Starting with the first line of the material, reproduce exactly each line up to and including the one that contains "资料图:生活垃圾威胁上海饮用水源地,长江口清理垃圾。张亨伟 摄", leaving out every picture.

DATA BELOW.
=== Begin Enclosure ===

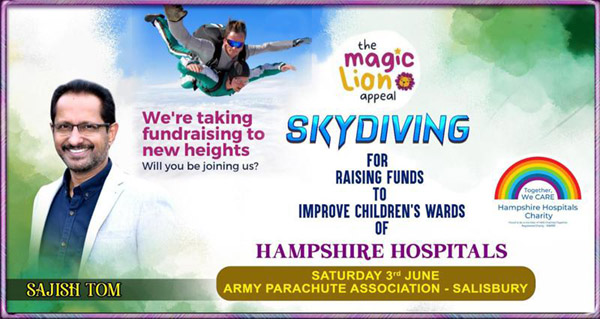 ഹാംഷെയര് ഹോസ്പിറ്റല്സ് ചാരിറ്റിയുടെ ഈ വര്ഷത്തെ സുപ്രധാന പ്രോഗ്രാം ആയ 'മാജിക് ലയണ് അപ്പീല്' ന്റെ ഭാഗമായാണ് സ്കൈ ഡൈവിങ് ആസൂത്രണം ചെയ്തിരിക്കുന്നത്. വിഞ്ചസ്റ്റര്, ബേസിംഗ്സ്റ്റോക്ക്, ആന്ഡോവര്, ഓള്ട്ടണ് ആശുപത്രികളിലെ കുട്ടികളുടെ വാര്ഡുകള്ക്ക് വേണ്ടിയാണ് സ്കൈ ഡൈവിങ് വഴി സമാഹരിക്കുന്ന തുക പ്രധാനമായും ഉപയോഗിക്കപ്പെടുക.
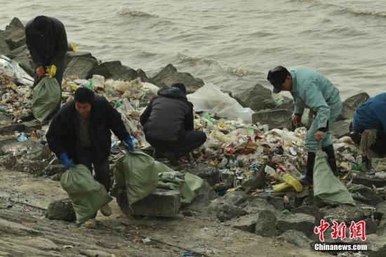 资料图:生活垃圾威胁上海饮用水源地,长江口清理垃圾。张亨伟 摄
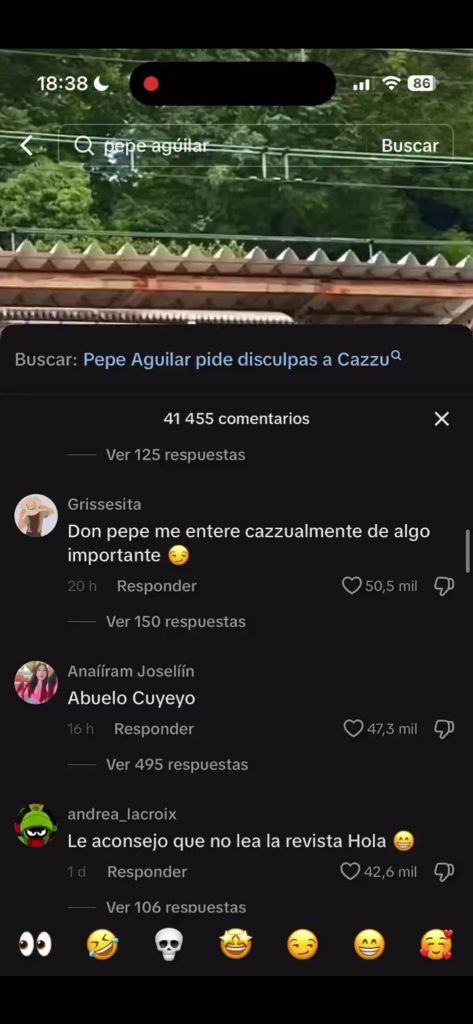 Redacción / La Voz de Michoacán Tras la confirmación del noviazgo de Christian Nodal y Ángela Aguilar, al cantante Pepe Aguilar le han llovido comentarios en relación a la controversia que rodea a su hija mientras este se encuentra de viaje por Japón. Con comentarios como “¿Ya vio el desvergue que está haciendo su morrilla don?”, “¿Ya no la va a correr si le llevan serenata?”, “¡Don Pepe márqueme, es urgente!” y “¡Le salió diablilla su angelita!”, sus seguidores han inundado sus redes sociales. Aunque el cantante no ha emitido declaraciones públicas al respecto, ha mostrado cierta actividad en sus redes sociales al responder algunos comentarios. El intérprete de “Por mujeres como tú” ha optado por responder con emojis de risa a aquellos que hacen referencia a la relación de su hija, como aquellos en donde le escriben “Felicidades a la madrastra señor Aguilar” y "Quédate en Japón, don Pepe, porque acá las cosas están fuertes". Así mismo, ha expresado su agrado hacia comentarios que frenan el hate en las redes y defienden el estilo de crianza del cantante, como aquellos donde los usuarios indican "Pero el señor no tiene la culpa de nada, él no falló como papá, los hijos cada quien su rollo". Sin embargo, recientemente el cantante del género regional ha bloqueado la posibilidad de que se realicen comentarios en sus publicaciones de Instagram, en un intento aparente por frenar la avalancha de críticas y de burlas.
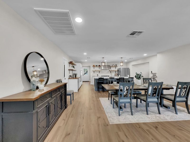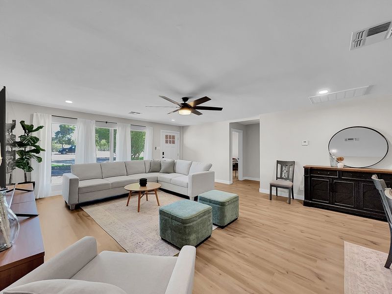 Step into the spacious living room and melt into the plush sectional sofa for movie nights or streaming your favorite shows with our super-fast wifi. Carport parking adds a layer of ease to your travels, and the inside laundry room ensures home conveniences follow you, even when you're miles away.

=== End Enclosure ===

RESPONSE TO THE TASK.
 ഹാംഷെയര് ഹോസ്പിറ്റല്സ് ചാരിറ്റിയുടെ ഈ വര്ഷത്തെ സുപ്രധാന പ്രോഗ്രാം ആയ 'മാജിക് ലയണ് അപ്പീല്' ന്റെ ഭാഗമായാണ് സ്കൈ ഡൈവിങ് ആസൂത്രണം ചെയ്തിരിക്കുന്നത്. വിഞ്ചസ്റ്റര്, ബേസിംഗ്സ്റ്റോക്ക്, ആന്ഡോവര്, ഓള്ട്ടണ് ആശുപത്രികളിലെ കുട്ടികളുടെ വാര്ഡുകള്ക്ക് വേണ്ടിയാണ് സ്കൈ ഡൈവിങ് വഴി സമാഹരിക്കുന്ന തുക പ്രധാനമായും ഉപയോഗിക്കപ്പെടുക.
 资料图:生活垃圾威胁上海饮用水源地,长江口清理垃圾。张亨伟 摄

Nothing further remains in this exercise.